Mahrez is the right-sided player in Ranieri’s 4-4-2 that has Marc Albrighton on the opposite flank with Jeffrey Schlupp supporting him at left-back.
With the relentless pressing and boundless endeavour of Jamie Vardy up front, Leicester house three of the Premier League’s quickest players and it allows for the type of football that has seen the Foxes average 43.2% possession and a pass success rate of 70.6%, placing them bottom of the division for both statistics.
“I would like to keep possession of the ball but we don’t have these characteristics in the team so I prefer to go straight away” Ranieri said.
Entertaining in attack, porous in defence
Shinji Okazaki may have struggled for goals since his £7 million switch from Mainz in the summer but his energy has provided the perfect support to Vardy in attack.

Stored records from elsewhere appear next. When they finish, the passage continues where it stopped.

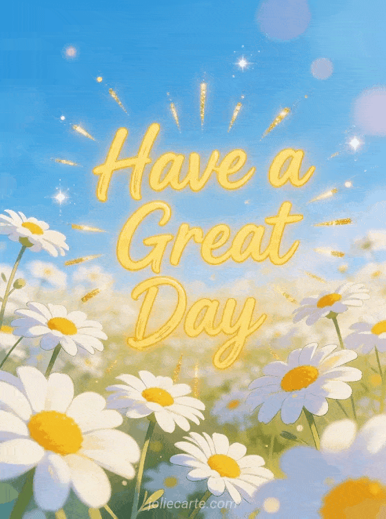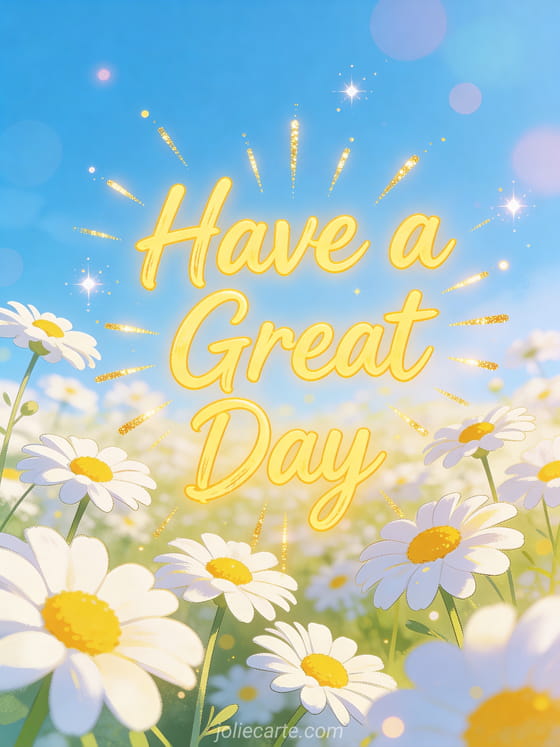 Share a joyful have a great day Monday card with a field of daisies under a bright blue sky. Send some Monday sunshine to brighten someone's day. Discover also a happy monday cat card or a funny happy monday image card.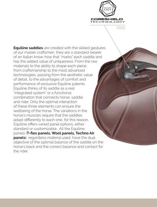 Designed for a more open hip angle with a longer leg, the American Hunter features a narrow twist with a slightly wider seat. The saddle boasts a molded, padded flap with T-foam, along with removable knee and thigh blocks, bottom flap leather reinforcement, and Equiline’s stirrup bar locking system. The Stirrup bar is fixed 2 cm backward compared with other saddles. Includes an embossed Equiline logo for a classical look.Â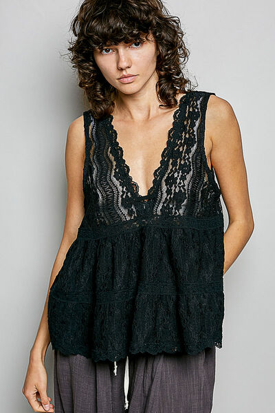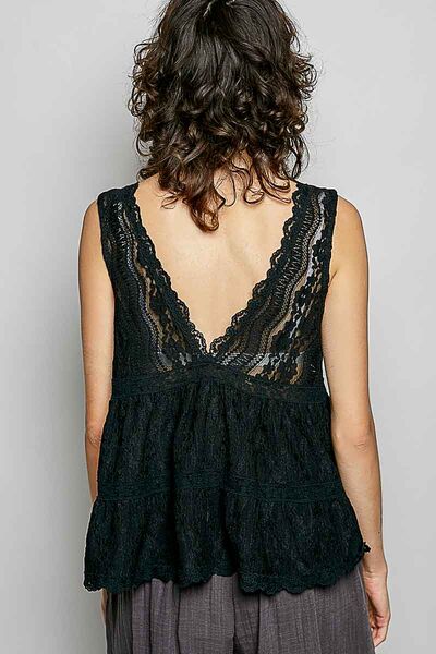 POL Deep V-Neck Scalloped Lace Sleeveless Top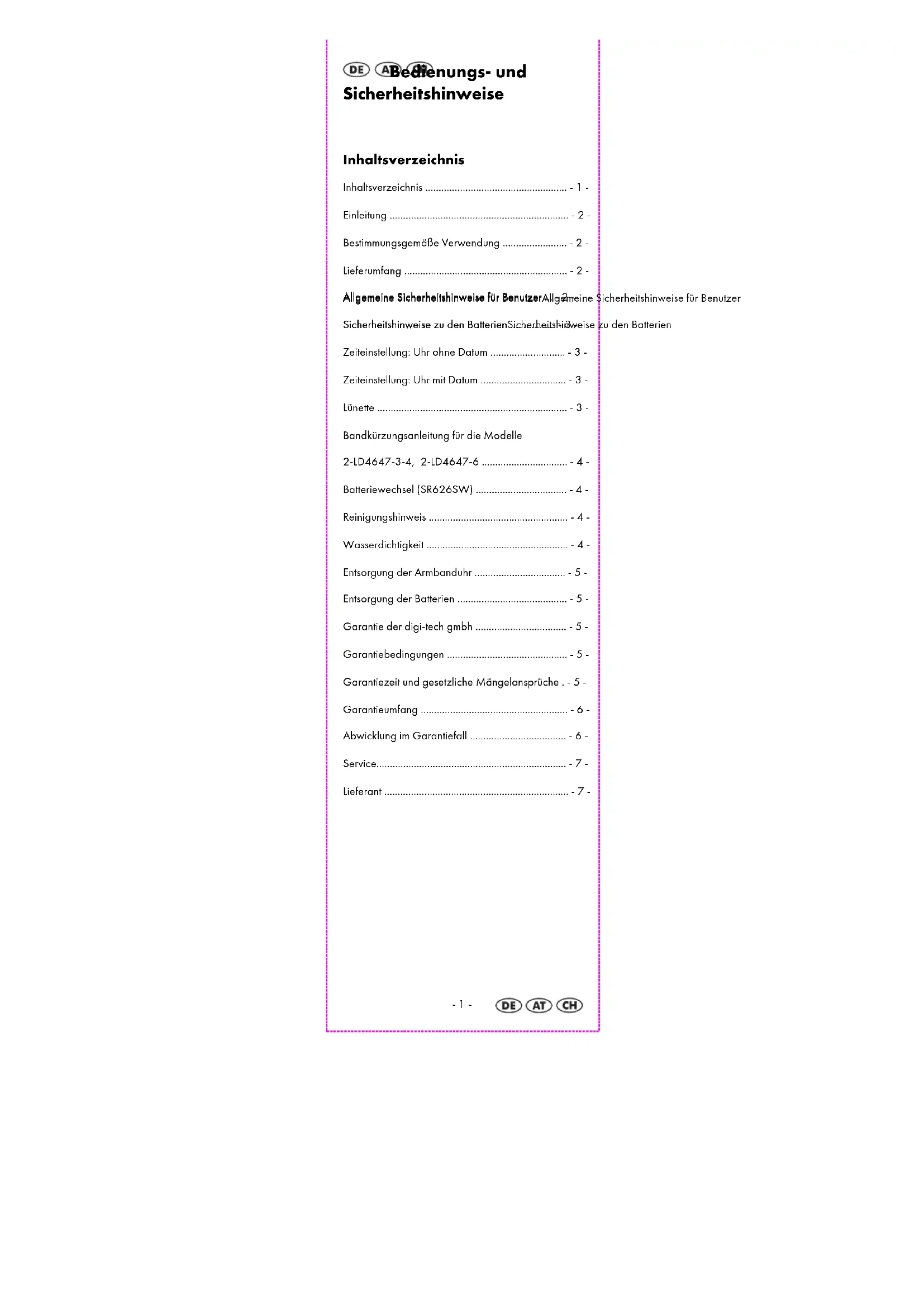 Bedienungs- und Sicherheitshinweise Inhaltsverzeichnis Inhaltsverzeichnis ..................................................... - 1 - Einleitung ................................................................... - 2 - Bestimmungsgemäße Verwendung ........................ - 2 - Lieferumfang ............................................................. - 2 - Allgemeine Sicherheitshinweise für Benutzer Allgemeine Sicherheitshinweise für BenutzerAllgemeine Sicherheitshinweise für Benutzer Allgemeine Sicherheitshinweise für Benutzer ... - 2 - Sicherheitshinweise zu den Batterien Sicherheitshinweise zu den BatterienSicherheitshinweise zu den Batterien Sicherheitshinweise zu den Batterien ................. - 3 - Zeiteinstellung: Uhr ohne Datum ............................ - 3 - Zeiteinstellung: Uhr mit Datum ................................ - 3 - Lünette ....................................................................... - 3 - Bandkürzungsanleitung für die Modelle 2-LD4647-3-4, 2-LD4647-6 ................................ - 4 - Batteriewechsel (SR626SW) .................................. - 4 - Reinigungshinweis .................................................... - 4 - Wasserdichtigkeit ..................................................... - 4 - Entsorgung der Armbanduhr .................................. - 5 - Entsorgung der Batterien ......................................... - 5 - Garantie der digi-tech gmbh .................................. - 5 - Garantiebedingungen ............................................. - 5 - Garantiezeit und gesetzliche Mängelansprüche . - 5 - Garantieumfang ....................................................... - 6 - Abwicklung im Garantiefall .................................... - 6 - Service....................................................................... - 7 - Lieferant ..................................................................... - 7 --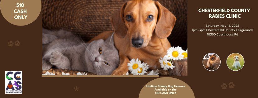 Join us for our 2022 Rabies Clinic at the Chesterfield County Fairgrounds! Open to dogs and cats. Dogs must be on a leash and cats need to be in a carrier. Rabies vaccines are $10. $10 Lifetime Dog Licenses will be sold on site as well. CASH ONLY EVENT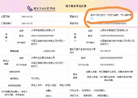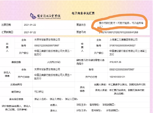 同時(shí),其還曬出了兩份商業(yè)承兌匯票的截圖,金額分別為40多萬(wàn)和10多萬(wàn),出票人均顯示為太原市寶鉅置業(yè)有限公司,出票時(shí)間為2021年1月22日,到期日為2021年7月22日。票據(jù)狀態(tài)為“提示付款已拒付”。

The 1-2 win at West Ham on the second weekend of the season, in which Okazaki got his only goal to date, was the perfect illustration of how Ranieri wants his Leicester side to play, working hard to reclaim the ball in midfield, firing a ball into the channels for attackers swarming forward at breakneck speed.
It has made for some entertaining football with 17 goals scored, only league leaders Manchester City have more, but it has come with the expense of a porous defence that has shipped 15 goals, with Sunderland and Newcastle, the bottom two, the only clubs who have conceded more.
They have not yet managed to keep a clean sheet and Ranieri, ever the affable chap when presented in front of a microphone, promised to buy his players pizza if they achieved a shut-out.
He hasn’t yet had to reach for his wallet and the nature of games like the Arsenal defeat or the 2-2 draw to Stoke and the 3-2 win over Aston Villa when they had to battle back from two goals down on both occasions will worry Ranieri as their games have abandoned control.
But Ranieri has certainly brought the excitement many didn’t think was possible when the Srivaddhanaprabhas took the gamble on him in the summer.
Proving the critics wrong
“Uninspiring” was the reaction of Gary Lineker to the news Ranieri was the man to succeed Pearson but how spectacularly wrong that forecast is proving to be. One senses, after the nightmare in Greece and the disappointing way he was dumped by Chelsea in 2004, the 63 year old is enjoying his role of proving people wrong.
But for a manager who has failed to stay more than two seasons at any club since leaving Stamford Bridge 11 years ago he will be aware just how easily the wheels can come off.
For now though Leicester are playing football that everybody can enjoy, made sweeter by the man at the helm being Ranieri, the humble and universally likeable guy who deserves his shot at restoring pride more than most.